Nun sitzt M. hinter Gittern: Die Ermittler werfen ihm vor, Beitragstäter beim Terroranschlag von Wien gewesen zu sein. Allerdings streitet M. vehement ab, von K. F.s Plänen gewusst zu haben – er habe nicht einmal gewusst, dass K. F. ein radikaler Islamist und IS-Unterstützer war. Außerdem will M. selbst keine illegalen Waffen besessen haben.

Spontane Kontakte im Gefängnis

K.F. gelangte über mehrere Stationen zu seinem Waffenhändler. Das zeigt ein wesentliches Problem des heimischen Justizvollzugs: Wie sich im Gefängnis kriminelle Netzwerke bilden. Ishaq S., ein Kindheitsfreund des Attentäters, lernte in der Justizanstalt Hirtenberg einen Iraner namens Y. kennen. Der wiederum kannte einen "Tschetschenen namens Adam, der nahe des Pratersterns lebt und Waffen verkauft".

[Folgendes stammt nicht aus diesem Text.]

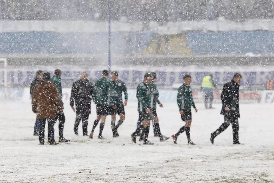 Pred današnju utakmicu u glavnom gradu BiH prvo je padala kiša, a onda je počeo padati snijeg, što je napravilo velike probleme organizatorima utakmice.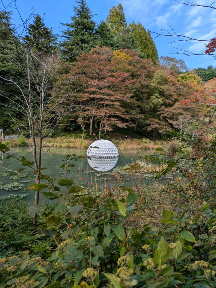 この白い球体は、建築家 遠山之寛(ゆきのぶ)氏の作品。池に石灰石由来の紙で作られた半球状の作品を置いて、球体に見えるようにしています。②は解説の方

Im Gefängnis zeigte Y. auf seinem illegalen Smartphone Fotos einer AK-47-Kalaschnikow, die Adam M. gehören soll. Das Foto hat Y., laut eigener Aussage, im Keller von M.s Wohnhaus im zweiten Wiener Gemeindebezirk aufgenommen. Die Waffe sei in einem Kindersitz versteckt gewesen. M. habe Y. gebeten, einen Käufer zu finden. Kostenpunkt: 2.000 Euro. Auch Handgranaten habe er im Angebot, rund 200 Euro pro Stück. Kommen sollen die Waffen von einem Kontakt namens Marsel O. im slowenischen Maribor.

Im August nahmen slowenische Beamte auf Bitten der österreichischen Kollegen einen DNA-Abstrich von Marsel O., weil Ermittler im Zuge der Spurensicherung an Waffen und Munition mehr als zehn DNA-Profile verifizierten, "die bis dato keiner Person zugeordnet werden konnten". Ein Ergebnis ist noch nicht veraktet. Dass O. noch nicht festgenommen wurde, ist für seinen Verteidiger Tarek Naji ein Zeichen, dass keine Spuren von ihm gefunden wurden.

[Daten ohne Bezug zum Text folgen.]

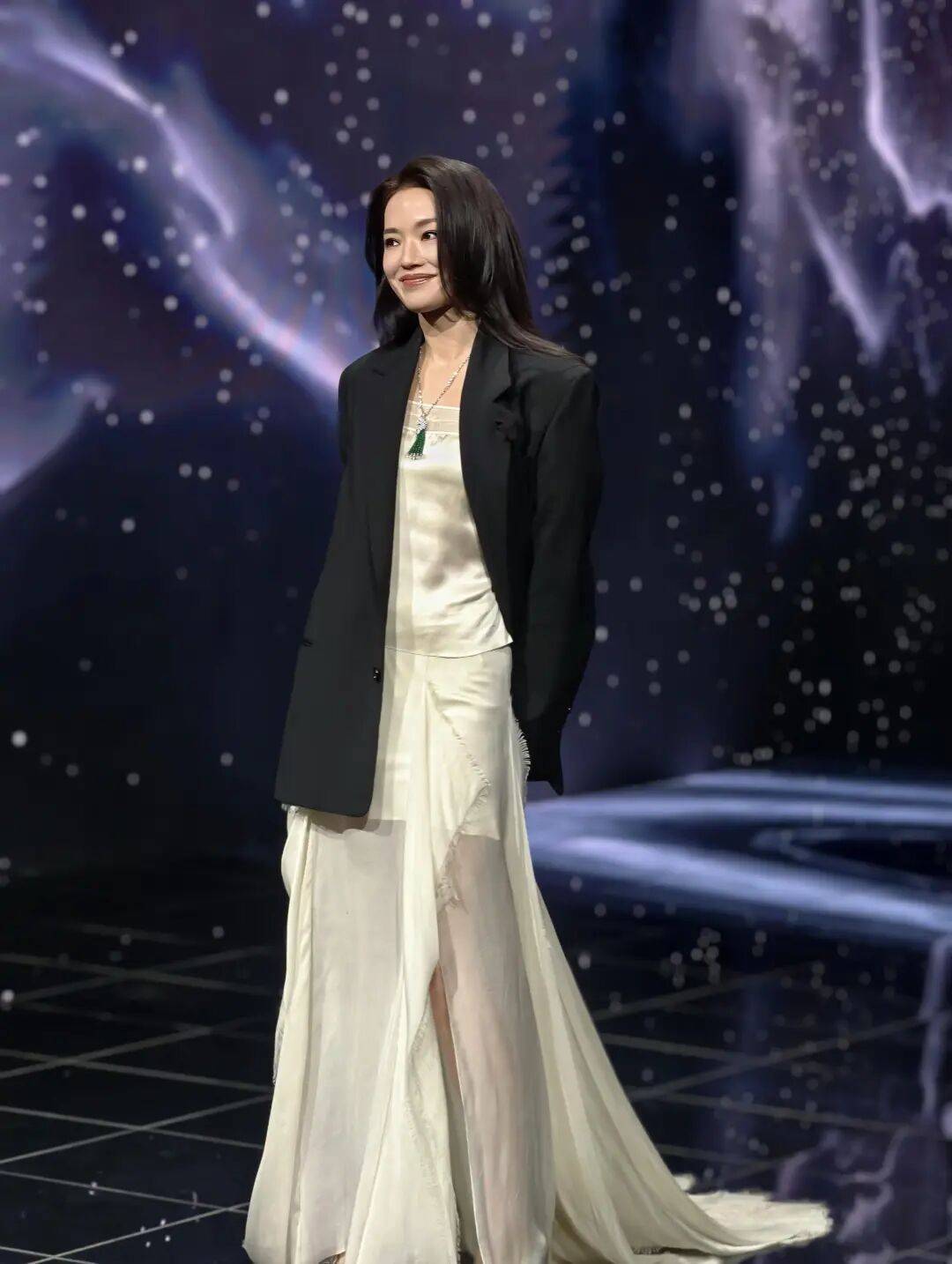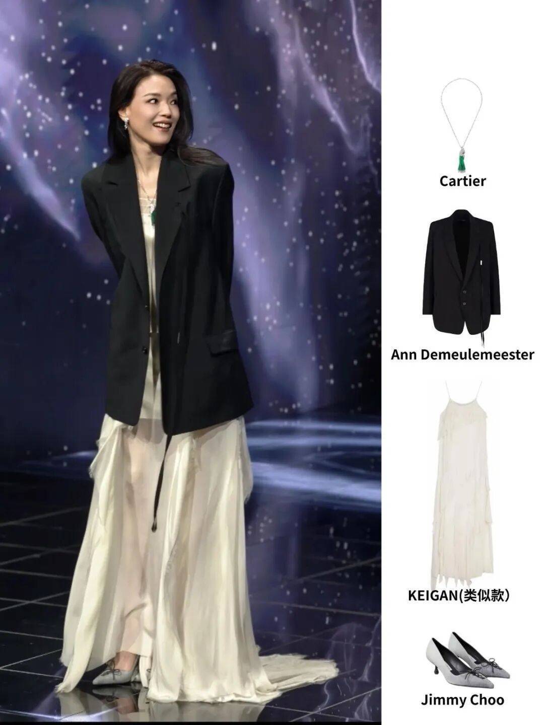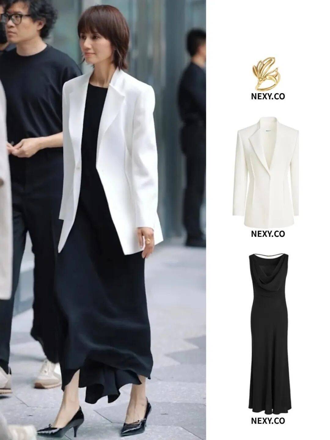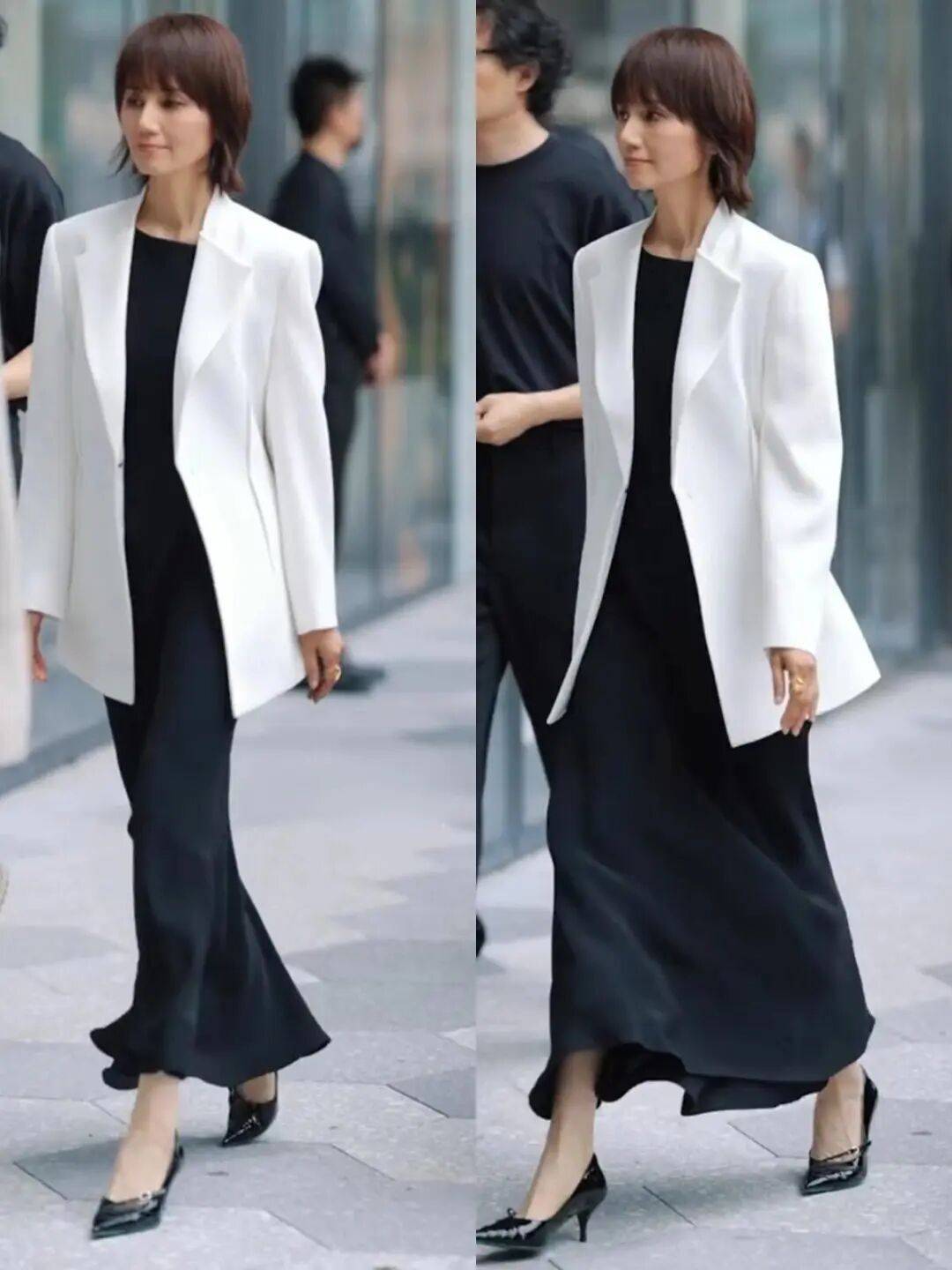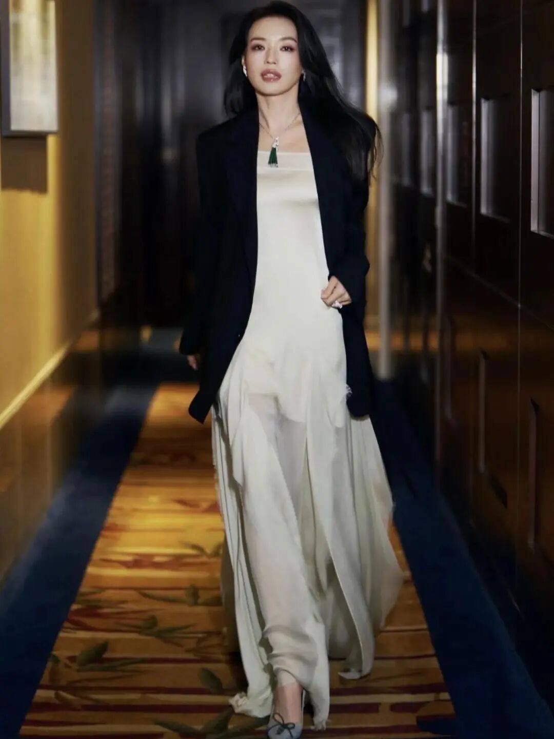 舒淇转型导演后钟情于这种穿搭。西装勾勒出硬朗的轮廓,搭配飘逸长裙,刚柔并济,完美平衡。她所展现的不仅仅是服装,更是一种“才华与柔美并存”的态度,尽显高级感。

Waffenschmuggel aus Albanien

Von Ermittlern ausgewertete Instagram-Chats zeigen, wie Ishaq S. seinen Mithäftling Y. um Adam M.s Nummer bat, um sie an den späteren Attentäter weiterzuleiten. In der Kommunikationskette zwischen dem Terroristen vom 2. November und seinem Waffenhändler standen also drei weitere Personen. Die Nummer ging von Y. an den Kindheitsfreund Ishaq S., gleichzeitig fragte Y. seinen Bekannten Adam M., ob er "das Ding im Kindersitz noch hat" und wie viel er dafür verlange. M. antwortete: "Schick ihm (sic!) zu mir." Es war der Beginn eines tödlichen Waffendeals.

Adam M. war zu diesem Zeitpunkt schon selbst mit dem Gesetz in Konflikt geraten. Im August 2020 wurde er wegen Körperverletzung und Dokumentenfälschung zu vier Monaten Haft verurteilt. Auch seine Kindheit dürfte nicht gewaltfrei gewesen sein. 2003 war der damals 13-Jährige mit seiner Mutter und zwei Geschwistern aus Tschetschenien geflohen. Sein Vater war im Krieg gefallen. "Natürlich habe ich Kampfhandlungen miterlebt", sagte M. in einer Vernehmung.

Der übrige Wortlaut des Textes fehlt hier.